What the exercise asks:
Copy everything in the data below exactly except the pictures.

Excerpted data:
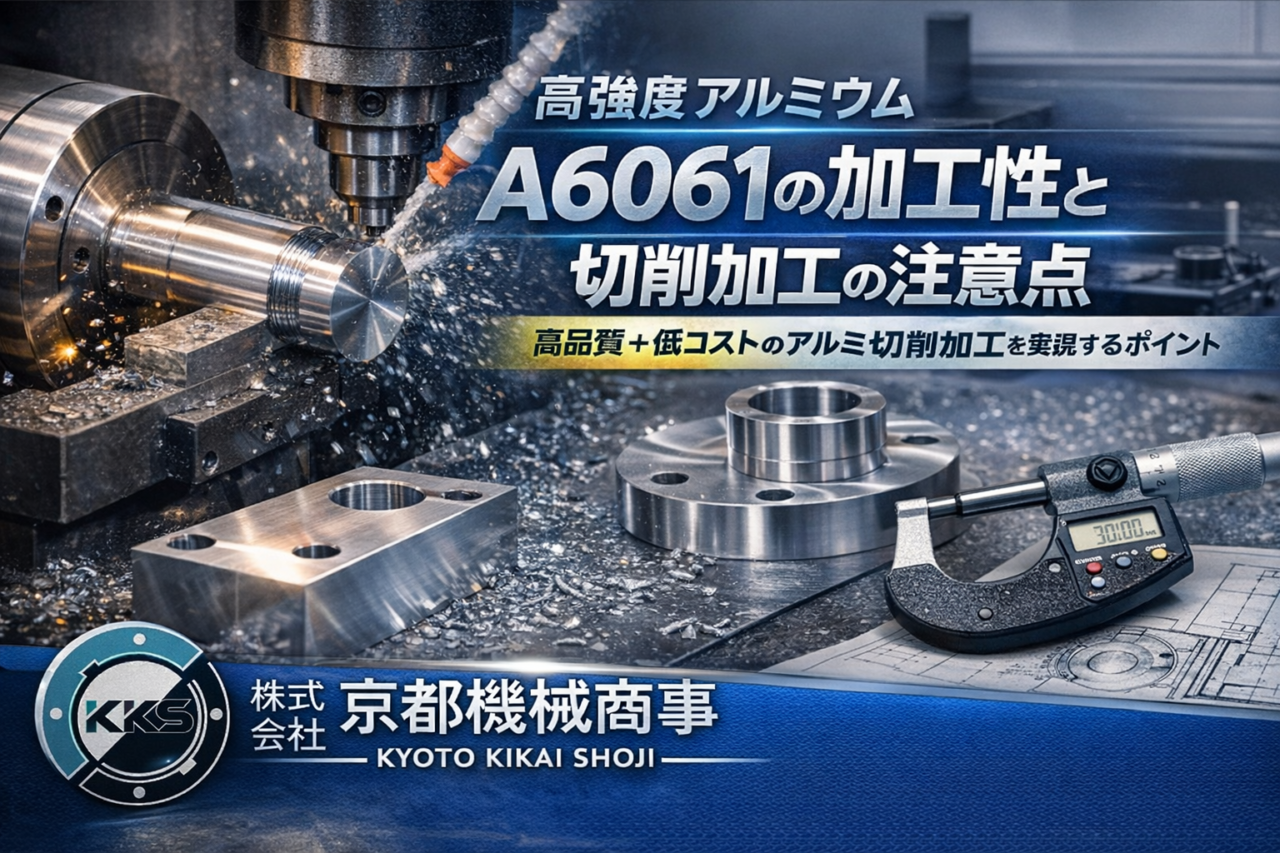 本記事では、京都機械商事がA6061の材料特性から切削加工の基本、旋盤加工・マシニング加工の注意点、A5052やA7075との違い、量産時のコスト削減の考え方、調達時に押さえるべきポイントまで、実務目線でわかりやすく解説します。
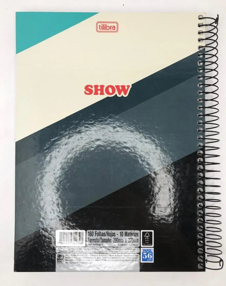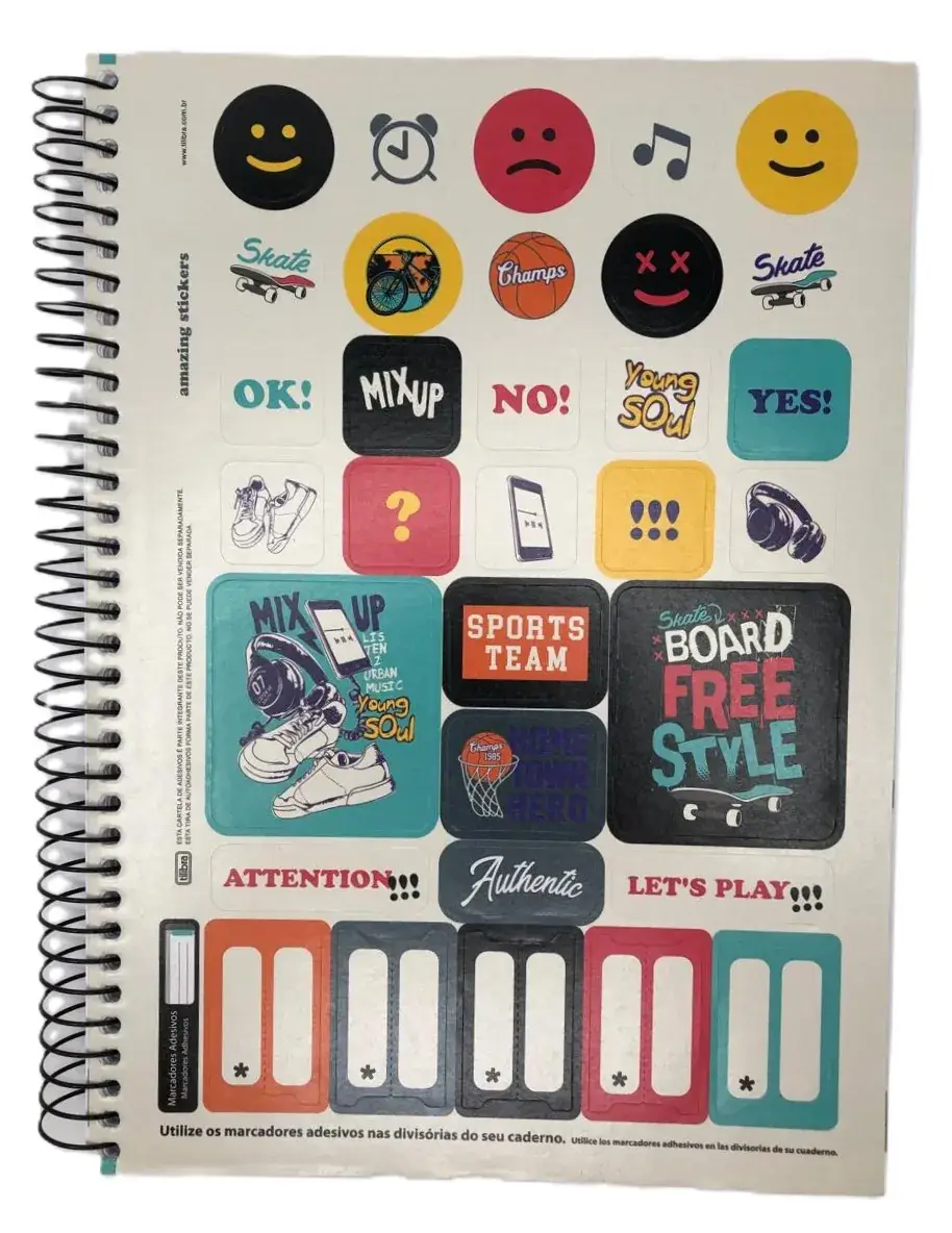 Caderno Espiral Capa Dura Universitário 10 Matérias Show Masculino 160 Folhas possui capa dura, bolsa plástica para guardar trabalhos e anotações, folha com adesivos funcionais, folhas pautadas e espiral.
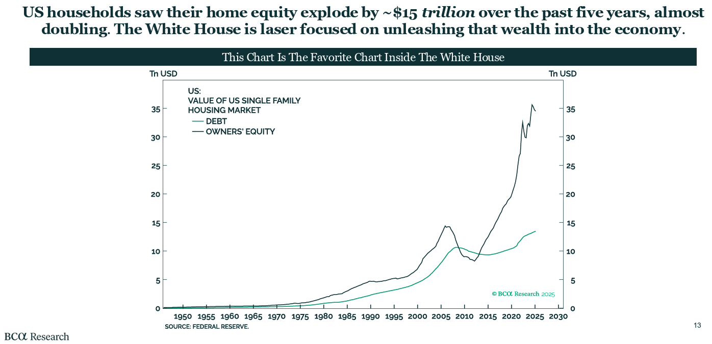Trump also talks about lowering housing costs to release trillions of dollars in home equity trapped by the rapid rise in home prices after 2008.
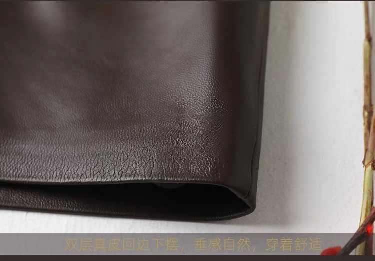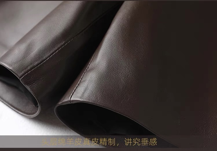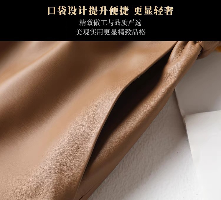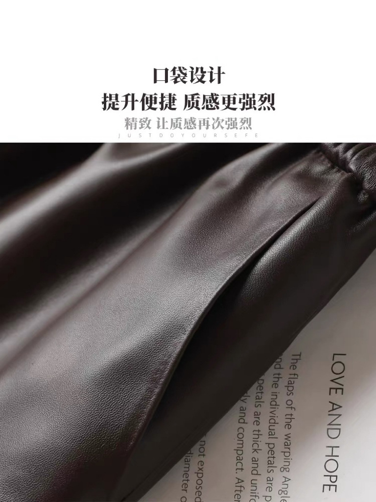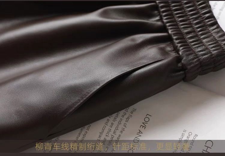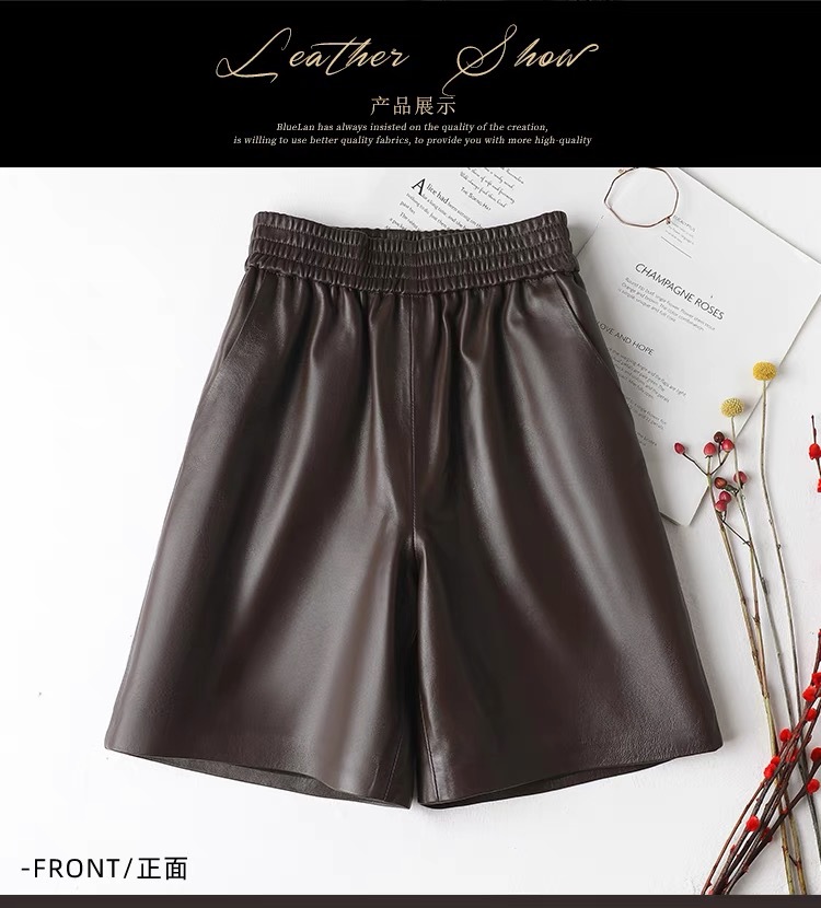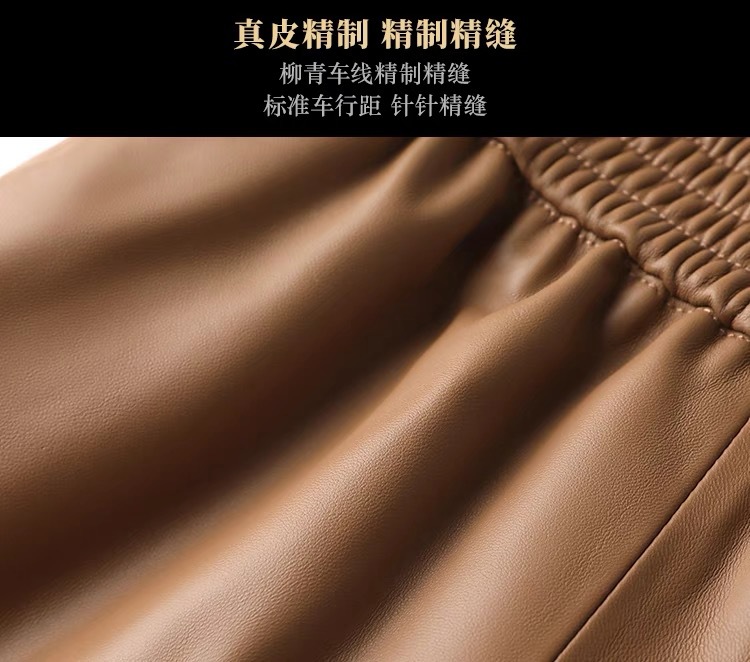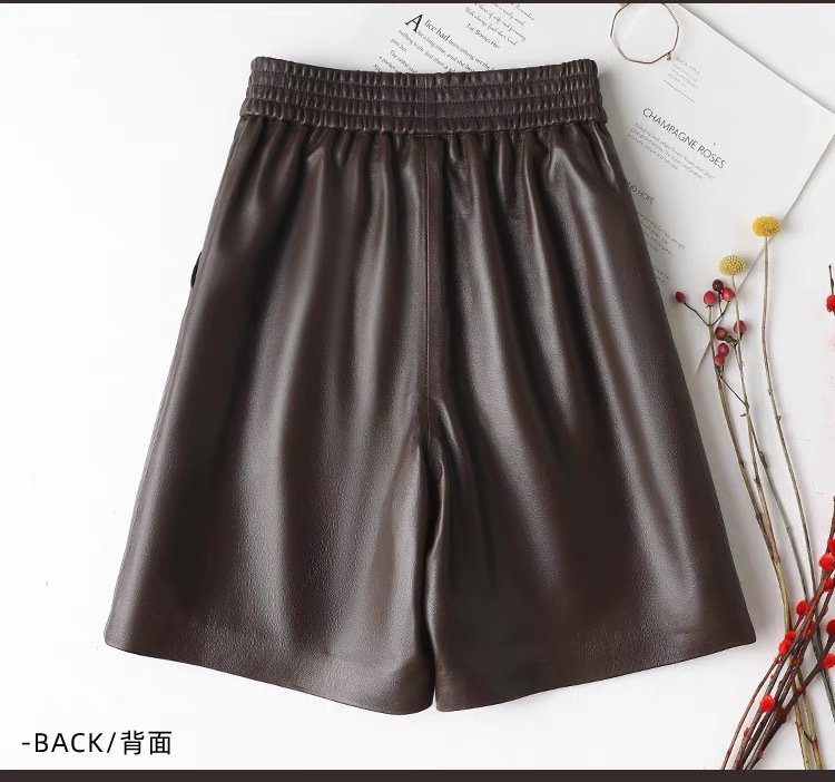 丁摩 真皮中裤女秋冬新款高腰松紧阔腿五分裤休闲皮裤子
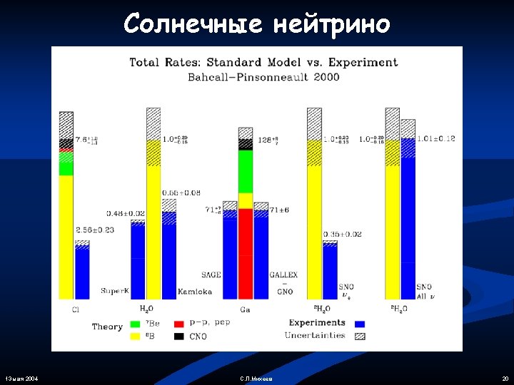 Эксперимент SNO CC Kevin Graham NOON 2004 n e + d p + e− - Q = 1. 445 Me. V - good measurement of e energy spectrum - some directional info (1 – 1/3 cos ) - e only NC n x + d p + n +n x - Q = 2. 22 Me. V - measures total 8 B flux from the Sun - equal cross section for all types ES n x + e− - low statistics - mainly sensitive to e, some and - strong directional sensitivity 13 мая 2004 С. П. Михеев 18
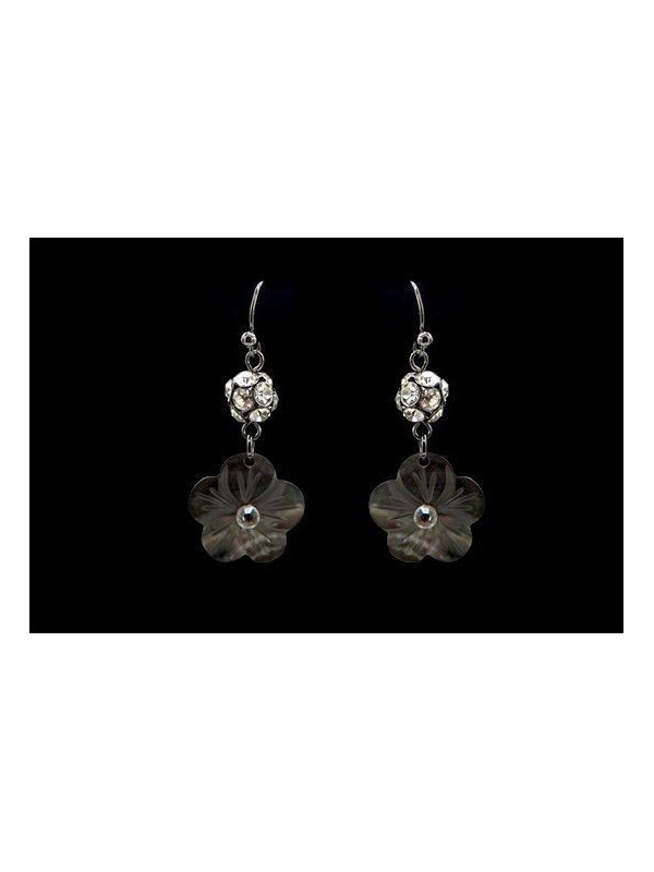 Boucles d'oreilles IKITA boules strass blanc fleurs
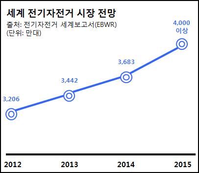 28일 삼성SDI[006400]의 e뉴스레터에 따르면 전기자전거 세계보고서(EBWR)는 세계시장 규모가 2012년 3천206만대에서 2013년 3천442만대, 2014년 3천683만대에 이어 올해 4천만대를 넘어설 것으로 추정했다. 3년 새 25%의 성장세를 보인다.
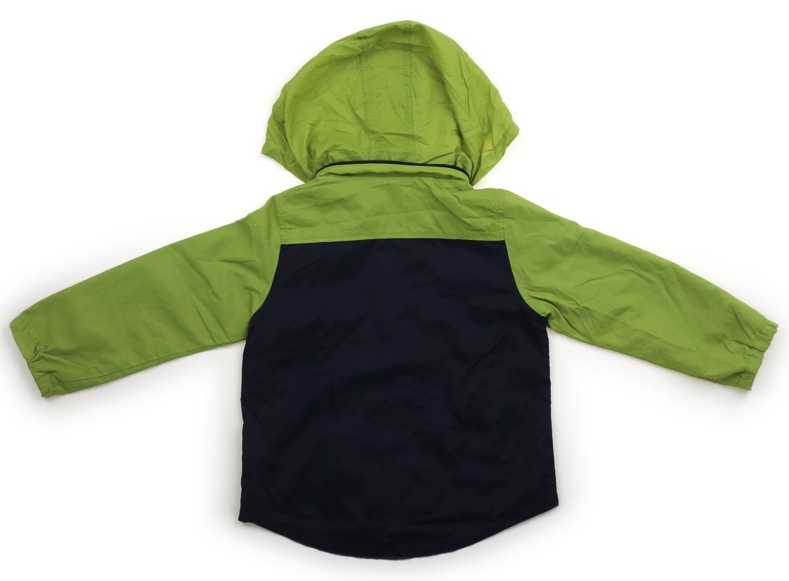 品質タグにシールはがし跡のノリ残りあり。ナイロン地で、メッシュ生地の裏地がついています。フードは襟の中にしまえます。袖口に赤いペンシミあり。
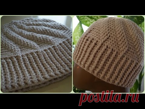 Вязаная шапочка. Выпуклые и вогнутые столбики.
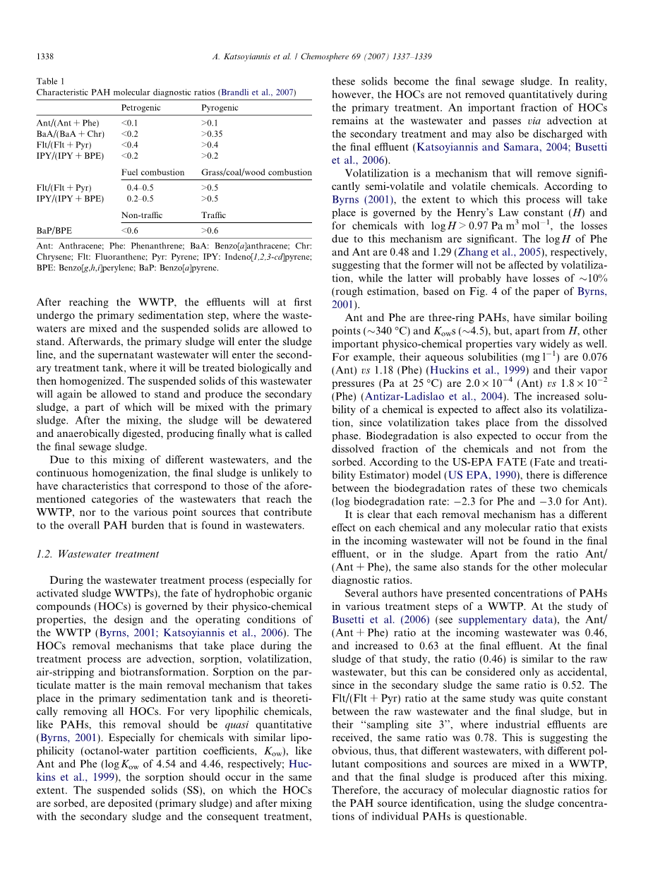关于利用污水污泥中多环芳烃分子诊断比值了解多环芳烃来源的适当性讨论
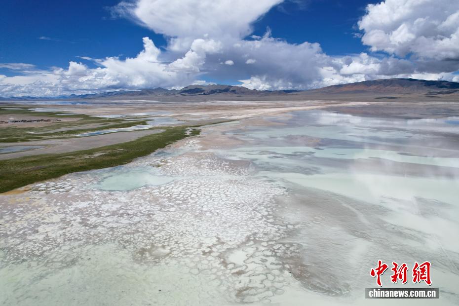 7月20日,航拍西藏阿里地區(qū)革吉縣鹽湖鄉(xiāng)境內(nèi)的鹽湖。一千多年前,阿里地區(qū)有50多家駐扎的鹽幫,將自然鹽用羊馱牛背邊放牧邊運輸?shù)姆绞?,運送到普蘭、日喀則、印度、尼泊爾等地,并用以物易物的方式換回青稞、磚茶、布料等日常生活所需的物品,從而孕育了遠負盛名的“鹽羊古道”傳奇。近年來,當?shù)亻_辦粗鹽巴加工廠、打造“鹽羊古道”旅游品牌等方式,使千年“鹽羊古道”煥發(fā)新生機。(無人機照片)中新社記者 張祥毅 攝
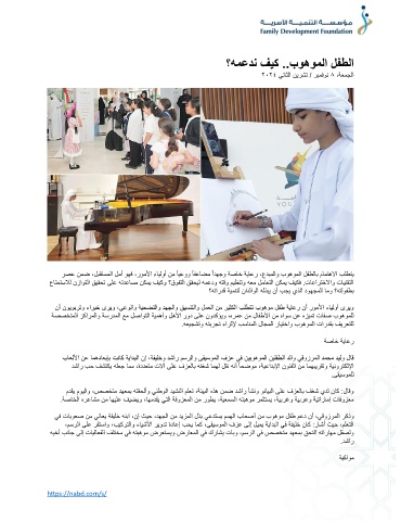 رصع نمض ،لبقتسملا لمأ وهف ،روملأا ءايلوأ نم ًايعوو ًافعاضم ًادهجو ةصاخ ةياعر ،عدبملاو بوهوملا لفطلاب مامتهلاا بلطتي

Answer space:
 本記事では、京都機械商事がA6061の材料特性から切削加工の基本、旋盤加工・マシニング加工の注意点、A5052やA7075との違い、量産時のコスト削減の考え方、調達時に押さえるべきポイントまで、実務目線でわかりやすく解説します。
 Caderno Espiral Capa Dura Universitário 10 Matérias Show Masculino 160 Folhas possui capa dura, bolsa plástica para guardar trabalhos e anotações, folha com adesivos funcionais, folhas pautadas e espiral.
Trump also talks about lowering housing costs to release trillions of dollars in home equity trapped by the rapid rise in home prices after 2008.
 丁摩 真皮中裤女秋冬新款高腰松紧阔腿五分裤休闲皮裤子
 Эксперимент SNO CC Kevin Graham NOON 2004 n e + d p + e− - Q = 1. 445 Me. V - good measurement of e energy spectrum - some directional info (1 – 1/3 cos ) - e only NC n x + d p + n +n x - Q = 2. 22 Me. V - measures total 8 B flux from the Sun - equal cross section for all types ES n x + e− - low statistics - mainly sensitive to e, some and - strong directional sensitivity 13 мая 2004 С. П. Михеев 18
 Boucles d'oreilles IKITA boules strass blanc fleurs
 28일 삼성SDI[006400]의 e뉴스레터에 따르면 전기자전거 세계보고서(EBWR)는 세계시장 규모가 2012년 3천206만대에서 2013년 3천442만대, 2014년 3천683만대에 이어 올해 4천만대를 넘어설 것으로 추정했다. 3년 새 25%의 성장세를 보인다.
 品質タグにシールはがし跡のノリ残りあり。ナイロン地で、メッシュ生地の裏地がついています。フードは襟の中にしまえます。袖口に赤いペンシミあり。
 Вязаная шапочка. Выпуклые и вогнутые столбики.
关于利用污水污泥中多环芳烃分子诊断比值了解多环芳烃来源的适当性讨论
 7月20日,航拍西藏阿里地區(qū)革吉縣鹽湖鄉(xiāng)境內(nèi)的鹽湖。一千多年前,阿里地區(qū)有50多家駐扎的鹽幫,將自然鹽用羊馱牛背邊放牧邊運輸?shù)姆绞?,運送到普蘭、日喀則、印度、尼泊爾等地,并用以物易物的方式換回青稞、磚茶、布料等日常生活所需的物品,從而孕育了遠負盛名的“鹽羊古道”傳奇。近年來,當?shù)亻_辦粗鹽巴加工廠、打造“鹽羊古道”旅游品牌等方式,使千年“鹽羊古道”煥發(fā)新生機。(無人機照片)中新社記者 張祥毅 攝
 رصع نمض ،لبقتسملا لمأ وهف ،روملأا ءايلوأ نم ًايعوو ًافعاضم ًادهجو ةصاخ ةياعر ،عدبملاو بوهوملا لفطلاب مامتهلاا بلطتي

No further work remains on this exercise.